WHAT TO DO
From the first line of the material through the line that holds "食品ロスとは、食べられるのに", repeat each line exactly and skip any picture.

DATA EXTRACT
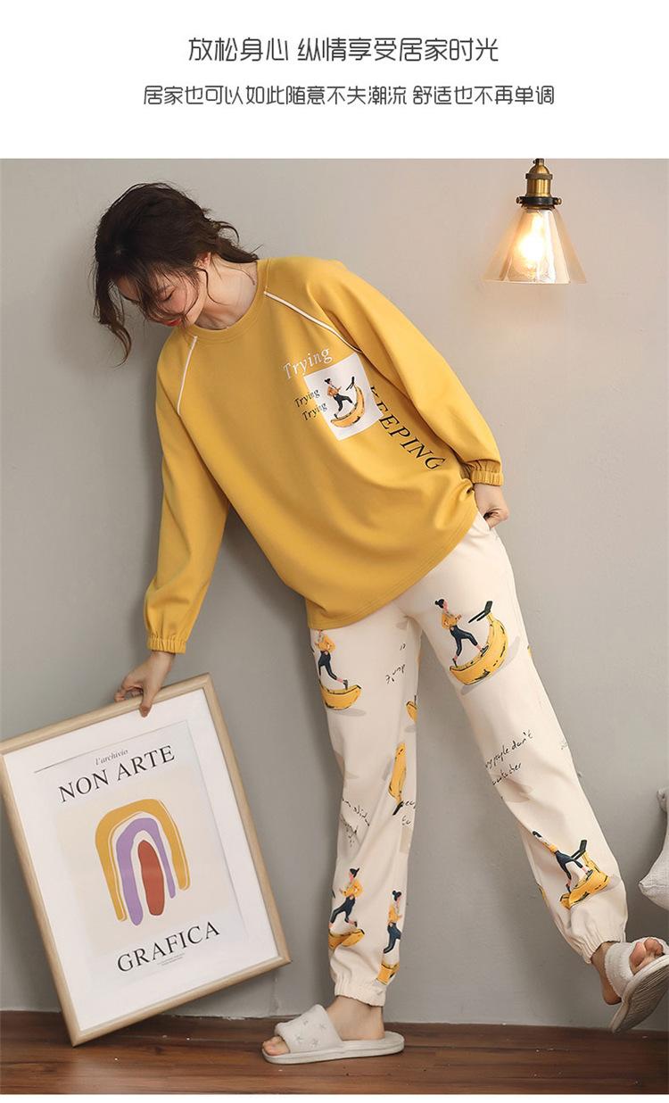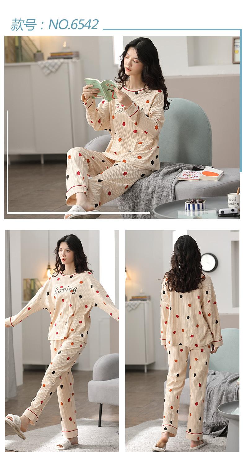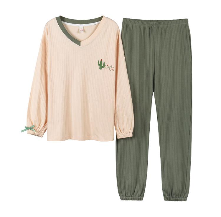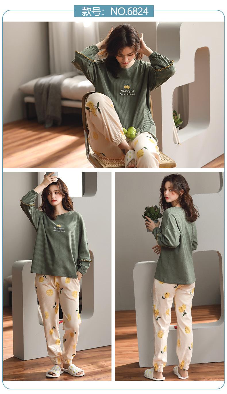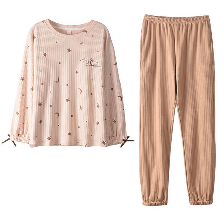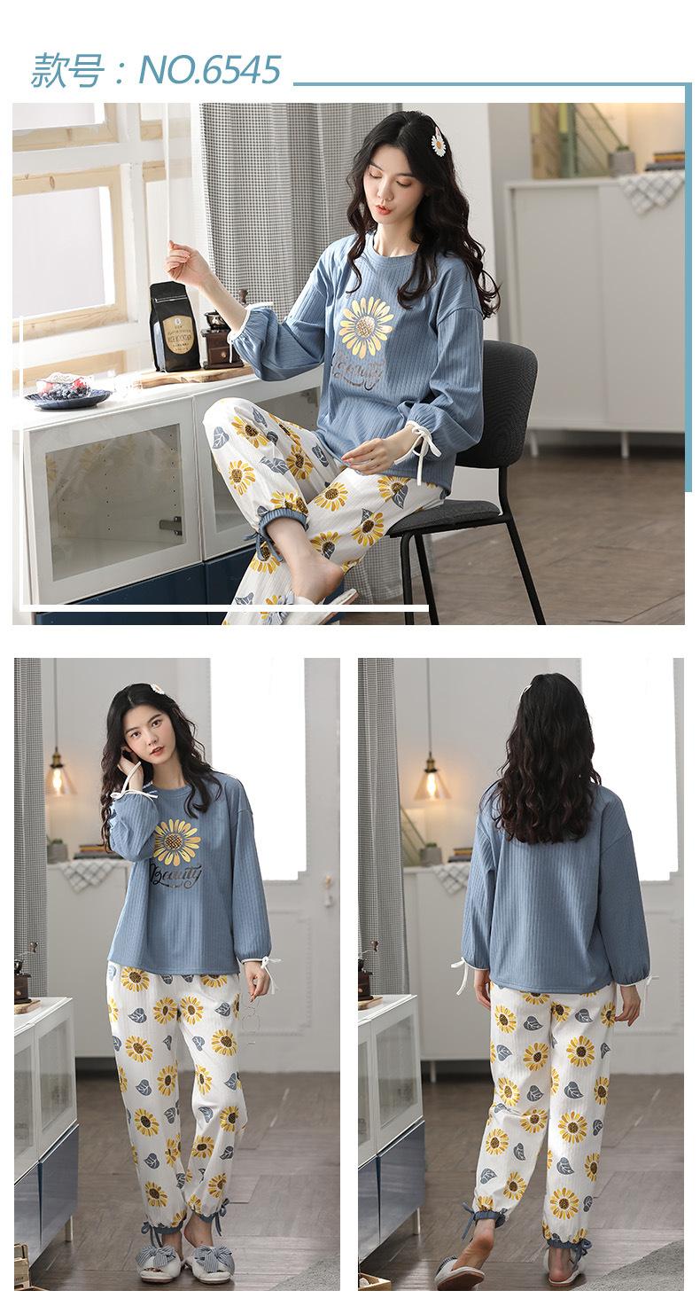 Pijamas de mujer de otoño de algodón de manga larga para mujer, finos, bonitos, con dibujos animados, para estar en casa, informales, para otoño y primavera.
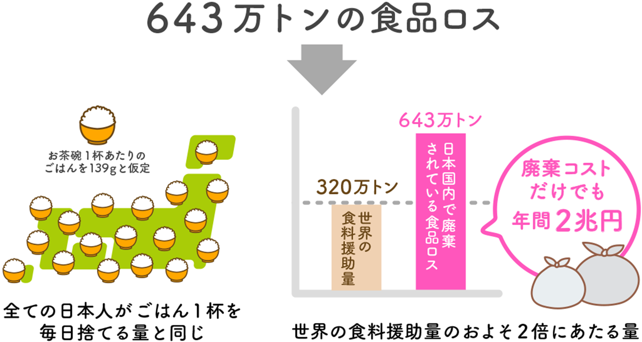食品ロスとは、食べられるのに捨てられてしまう食べ物を指し、日本では年間643万トン*もの食品ロスが発生しています。これは世界で飢餓に苦しむ人々への食糧支援量約380万トン**に比べても1.7倍と非常に大きな数字となっています。
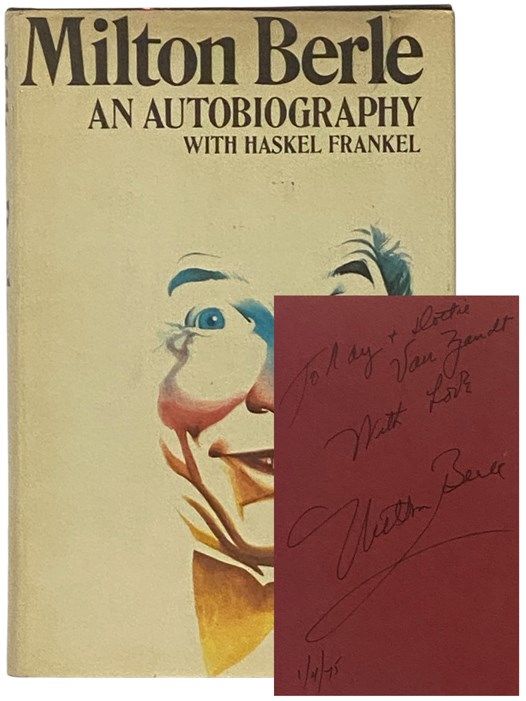 New York: Delacorte Press, 1974. 3rd Printing. Hard Cover. Very Good/Very Good. 9x5x1. Signed by author. 3rd printing. Inscribed and signed by author on front endpaper ('To Ray & Dottie Van Zandt, With Love, Milton Berle, 1/4/75'). 1 inch closed jacket tear, jacket lightly toned. 1974 Hard Cover. vii, 337 pp. "When Milton Berle died in the Spring of 2002, The New York Times declared that the legendary comic "may have had a more profound influence on our way of life than some presidents or Nobel Prize winners." This landmark memoir, as startling today as it was when it was first published, reveals the life and times of the man known affectionately to millions as Uncle Miltie. Told with unflinching candor, here is one of the most fabled and influential show business careers of all time: from performing as a child in Vaudeville and making silent movies with Charlie Chaplin and Mary Pickford, to nightclub performances for Al Capone, working on radio during World War II, performing in Broadway musicals, and, finally, superstardom on television. Perhaps even more fascinating is Berle's scandal-ridden private life: his star-crossed love affair with a 1930's movie queen and the child they had out of wedlock, his numerous affairs with women ranging from evangelist Aimee Semple McPherson to Marilyn Monroe, and his stormy relationship with beautiful showgirl Joyce Mathews, whom Berle married twice. It is Berle's unsparing account of his life and his determination to show the world his real face that led Frank Sinatra, at the time, to call this "the gutsiest book I've read in years." Told with equal amounts of comedy and pathos, and featuring colorful appearancesby all the major stars of his day, Milton Berle is simply one of the best show business memoirs ever written.

FINISHED EXERCISE
 Pijamas de mujer de otoño de algodón de manga larga para mujer, finos, bonitos, con dibujos animados, para estar en casa, informales, para otoño y primavera.
食品ロスとは、食べられるのに捨てられてしまう食べ物を指し、日本では年間643万トン*もの食品ロスが発生しています。これは世界で飢餓に苦しむ人々への食糧支援量約380万トン**に比べても1.7倍と非常に大きな数字となっています。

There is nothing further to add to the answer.